Della condotta, poi, non parliamo nemmeno. Ieri Maran ha dovuto togliere già nel primo tempo Gino Peruzzi perché il difensore si è fatto prima ammonire e poi redarguire verbalmente dall’arbitro: al fallo successivo, insomma, sarebbe stato inevitabilmente espulso. E poi, cartellini a parte, cosa dire di Barrientos? Dall’inizio di quest’anno, in verità, ci ha fatto venire più di un dubbio sulla sua voglia di giocare ancora per il Catania. E da un po’ di tempo a questa parte – da troppo tempo, direi – sembra che giochi solo per fare vedere quanto è bravo. Il che lo porta, nove volte su dieci, a infilarsi in dribbling impossibili e fallimentari, piuttosto che a guardare i compagni meglio piazzati per portarli a rete. Non ci si comporta così, mi pare.

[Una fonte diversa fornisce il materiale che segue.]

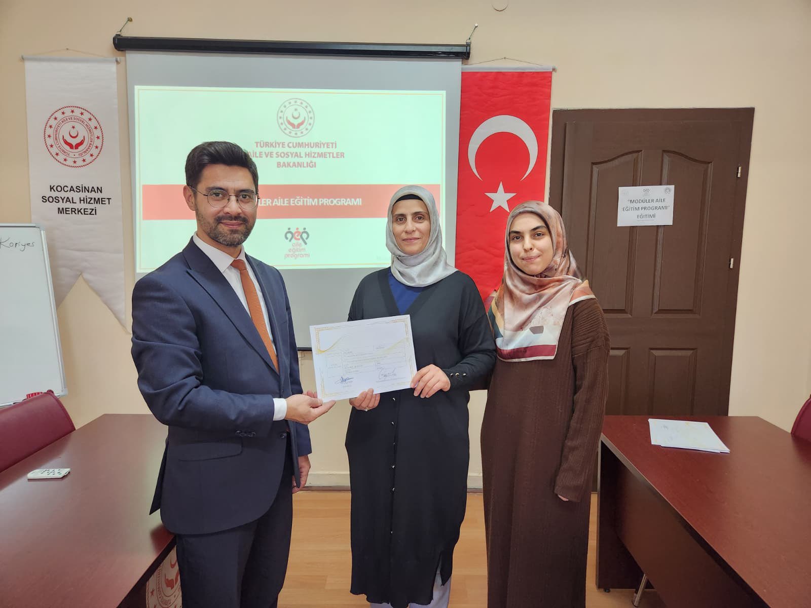 İl Müdürlüğümüze bağlı Kocasinan Sosyal Hizmet Merkezi Müdürlüğünde, 9 hafta boyunca sürdürülen Modüler Aile Eğitim Programı’nın birinci grup eğitimleri başarıyla tamamlandı. Programa katılım sağlayan vatandaşlarımıza katılım belgeleri takdim edildi.

Resterebbe l’italiano. I nostri se la cavano benino allo scritto, come ha mostrato il buon Mariano Izco con la sua recente lettera indirizzata ai tifosi. Mettere in pratica queste buone intenzioni, però, è tutto un altro discorso. E delle parole senza contenuti, a questo punto, non sappiamo più che farcene.

Andiamo bene, invece, con le lingue straniere. Pure troppo bene, secondo me. Intendiamoci: l’allegra e simpatica colonia di giocatori argentini di stanza a Catania è stata nel complesso, in passato, un punto di forza del nostro collettivo. Ma l’attuale assetto societario – che registra la presenza di un vicepresidente anch’egli argentino, e già procuratore di calciatori argentini – è risultato invece un punto di estrema debolezza. Come dimostra la pessima campagna acquisti di gennaio, che ci ha obbligato ad affrontare mezza stagione con il solo Bergessio come attaccante.

Ci resterebbe la storia, certo. Ma temo che di quest’ultima, nel calcio, si debba dire quel che ne diceva in generale Eugenio Montale. Il quale della storia, come è noto, non aveva grande stima. «La storia non è magistra / di niente che ci riguardi», scriveva il poeta. E noi in effetti possiamo anche guardarcela con compiacimento, la storia degli anni passati; ma dobbiamo sapere che questo non ci porterà da nessuna parte. Perché nel calcio la storia «non procede / né recede, si sposta di binario / e la sua direzione / non è nell’orario».

Cosa resta, dunque? Potrebbe restare, forse, la ragioneria. Rispetto alla quale arrivano dalla società rassicuranti segnali che l’azienda è sana. Ma girano anche ipotesi – non so quanto fondate – che, a mantener sana l’azienda, una retrocessione non sarebbe poi un così gran male. Ipotesi che hanno a che fare con il tetto degli stipendi, o con i finanziamenti per gli stadi, o con cose del genere. Ipotesi di cui io, che di queste cose sono ignorantissimo, non so dir niente: se non che la salute dell’azienda del presidente Pulvirenti mi interessa, sì: ma solo fino a quando coincide con il bene della mia squadra.

Che poi è una bizzarra cosa, la ragioneria. Dovrebbe essere, in quanto parente della matematica, una materia sottratta al labile terreno delle opinioni. E invece è forse, in questo momento, la scienza su cui i tifosi rossazzurri nutrono meno certezze.